NLP - Topic Modeling (Python)

Purpose

For this project I have scraped (see my scraping tutorial here) news articles from Reuters and clustered them using Latent Dirichlet Allocation (LDA).

Since there is no proper classification of articles on Reuters, my model supports the reader in finding articles relating to a specific topic. Furthermore, the model could be used to classify future articles as well.

1 - Data Gathering

I used the scraper i described here to get all available Euro-Zone news from Reuters.

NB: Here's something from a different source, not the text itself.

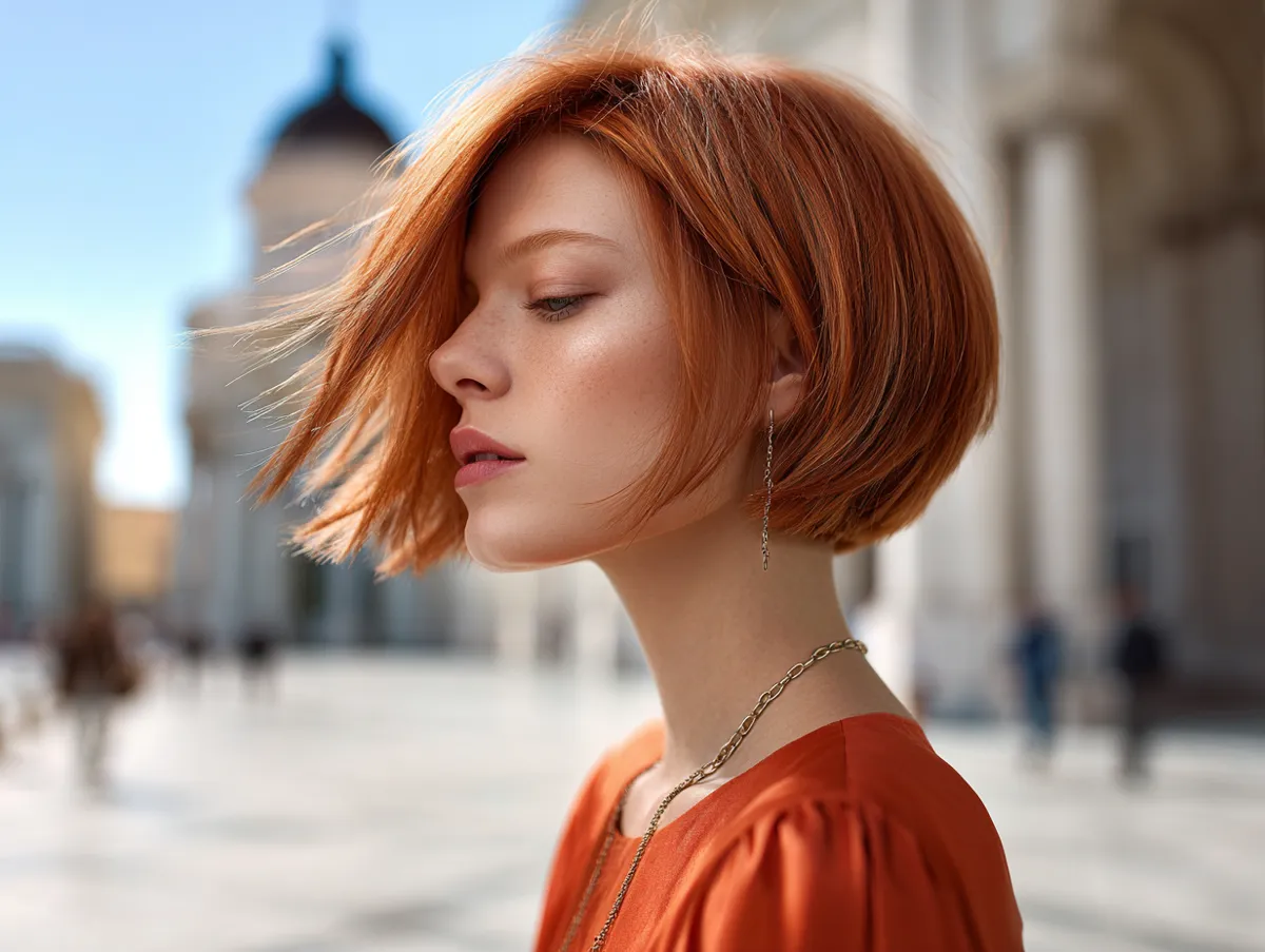 Color intensifies the transformation. Golden peach, with its warm pink-orange glow, reflects beautifully in daylight. When sunlight hits the angled surface, the shimmering pigment exaggerates the diagonal flow, emphasizing the elongated effect. Women with fair or warm skin tones love the softness of this shade. Even those with cooler undertones can wear it if the stylist adds faint neutral undertones. The shade is playful, bright, and surprisingly refined.

The data can be downloaded from here.

2 - Required Packages

import logging
logging.captureWarnings(True)

# Data Processing
from collections import Counter
import datetime as dt
from dateutil.relativedelta import relativedelta
import numpy as np
import pandas as pd

# Plotting
import matplotlib.pyplot as plt
%matplotlib inline
import pyLDAvis
import pyLDAvis.sklearn
from wordcloud import WordCloud

# NLP
import gensim
from nltk.stem import SnowballStemmer
from nltk.util import ngrams
import spacy

# Modeling
from sklearn.decomposition import LatentDirichletAllocation
from sklearn.feature_extraction.text import CountVectorizer
from sklearn.model_selection import GridSearchCV

3 - Data Cleaning

In this step i read the data into a pandas dataframe, clean missing values and convert dates stored in strings to actual dates.

3.1 - Custom Functions

def read_data_from_csv(path_to_data, sep=";"):
    df = pd.read_csv(path_to_data, sep=sep)
    print(f"shape of df: {df.shape}")
    print(f"columns in df: {list(df.columns)}")
    return df

def drop_rows_with_missing_values(df):
    rows_orig = df.shape[0]
    df = df.dropna().reset_index(drop=True)
    print(f"{rows_orig-df.shape[0]} rows dropped")
    print(f"new shape of df: {df.shape}")
    return df

def convert_date_ReutersNews(df, date_col):
    df = df[df.scraper == "reuters_news"].copy()
    month_map = {
        "January":1, "February":2, "March":3,
        "April":4, "May":5, "June":6,
        "July":7, "August":8, "September":9,
        "October":10, "November":11, "December":12
    }
    regex_date = r"([A-Z]\w+) (\d+), (\d+)"
    mdy = df[date_col].str.extract(regex_date)
    df["month"] = mdy[0].map(month_map)
    df["day"] = mdy[1]
    df["year"] = mdy[2]
    df[date_col] = pd.to_datetime(df[['year', 'month', 'day']])
    df = df.drop(['year', 'month', 'day'], axis=1).reset_index(drop=True)
    return df

def convert_dates(df, date_col):
    df_Reuters = convert_date_ReutersNews(df, date_col)
    df_full = pd.concat([df_Reuters])
    print(f"shape of df: {df_full.shape}")
    print(f"columns in df: {list(df_full.columns)}")
    return df_full

3.2 - Read Data

path_data = "../data/20200329_reuters_news_euro_zone.csv"
df = read_data_from_csv(path_data)

shape of df: (9773, 5)
columns in df: ['scraper', 'url', 'date', 'title', 'text']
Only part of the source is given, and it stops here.